Seguí el recorrido de mis “fuentes”, al caminar por la Plaza de Armas, casi topo con Didier Bracho Soto, de feliz memoria, subdirector del Diario y le comenté lo observado. Con paso parecido al marcial avanzamos para enterar a don Salvador Nava Rodríguez, nuestro director. Se levantó del sillón y nos dijo: “Esto exige una expedición punitiva”. Acto seguido salió del periódico y nosotros tras de él rumbo a la comandancia judicial a escasas tres cuadras. En cuanto ingresó inquirió al primer gendarme que vio, donde se encontraban los detenidos. El increpado sin decir una palabra nos condujo a los separos. Ábrale, pidió don Salvador. El otro sin chistar franqueó la entrada y nos adentramos al pestilente hoyo. Seguramente avisado por la guardia o ante el alboroto de los efectivos que se encontraban en el edificio, el jefe, un guanajuatense invitado por el gobernador Páez Urquidi descendió.

El titular llegó de no muy buen talante, más los humos le bajaron al ver en persona a don Salvador admirado por la sociedad, ya que eran muy sabidos los enfrentamientos a la administración y al propio ex gobernador González de la Vega, que no lo pudo someter y en las páginas del matutino arreciaban las críticas a su gobierno.

Pidió una explicación sobre la persona que acababan de llevarse y por toda respuesta contestó que no era nada de cuidado. Con el congénito olfato periodístico, intuyó que algo no andaba bien. Salimos y me ordenó indagar las causas de la muerte del desafortunado joven, negaron cualquier información.
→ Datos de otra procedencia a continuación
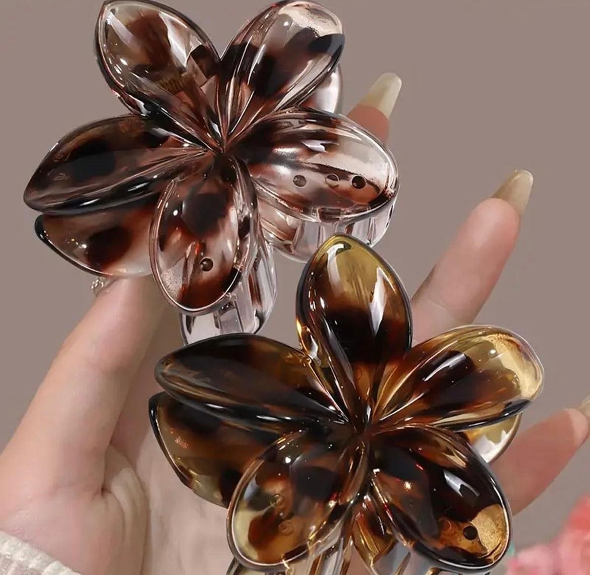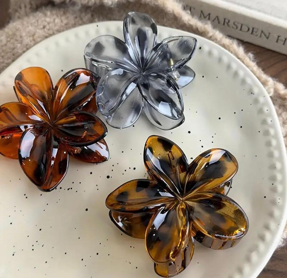 - PREMIUM DESIGN: Elegant flower-shaped hair clips made from durable acrylic material in 6 beautiful translucent colours – clear, smoke grey, amber, orange, pink, and deep black

A las cuatro de la tarde empezaba el ajetreo y ruido de las máquinas de escribir en la pequeña sala de redacción. Preguntó don Salvador si contábamos ya con el informe forense, respondiéndole que me negaron el resultado de la autopsia. Tomó el teléfono para comunicarse con el director de nosocomio, un respetado médico duranguense. Pretextó algo, pero ante el tono de su interlocutor le indicó enviara un propio por una copia del documento. Me personé ante el funcionario, sólo para que me comentara que no podía filtrar un documento oficial. Informé de mi fracaso, nuevamente descolgó el teléfono; más impaciente lo interrogó si compartiría el certificado. Otra vuelta más, con el mismo resultado. Ya para entonces don Salvador se sintió burlado y le advirtió que sería denunciado públicamente por el encubrimiento.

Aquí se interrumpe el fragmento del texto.